Start by practicing self-leadership. Your attitude and behavior towards yourself affects your health, your mood, your confidence and more. Think about the qualities you appreciate in a good leader and lead yourself to greatness! Consider these traits of great leaders:

Honesty– Are you honest with yourself about your strengths and weaknesses?
Respect– Do you treat yourself with respect and consideration?
Communication– Do you communicate with yourself– recognizing when you are hungry, angry, lonely or tired?
Follow Through– Do you attend to your basic needs?
Confidence– Do you give yourself praise for a job well done? Do you ask for recognition, when appropriate?
Vision– Do you have a vision for your career success?
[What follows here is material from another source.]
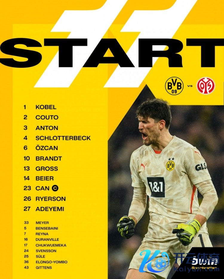 多特首发:1-科贝尔,2-扬-库拖,3-安东,4-施洛特贝克,6-厄兹詹,10-布兰特,13-格罗斯,14-拜尔,23-埃姆雷詹,26-莱尔森,27-阿德耶米

By practicing qualities of self-leadership, you will find improved satisfaction and success in your life and your career. When you practice outstanding leadership on a personal level, the people around you in your work will be drawn to your positive energy and you will find others are more likely to support you in your professional goals.

Leading by example.

Show personal leadership in your organization.

Once you’ve mastered self-leadership, you can practice great leadership in your interactions with your co-workers, clients and management. Think back to your idea of outstanding leadership and extend that ideal towards everyone you encounter in your workplace.

Enthusiasm– Are you enthusiastic and engaged in your interaction with others?
Encouraging– Do you listen to ideas, as well as speak up and share your own?
Courtesy– Are your courteous of others and tolerant of minor annoyances?
Listening– Are you open to suggestion and admit when you are wrong?
Delegate– Do you delegate or ask for help when you need it? Can you say “no” when necessary?
Team Player– Do you actively participate in the success of your team?

What qualities do you desire in a leader? How do those qualities inspire you to work better? Do you think you can benefit from practicing these qualities? Please share your thoughts and ideas!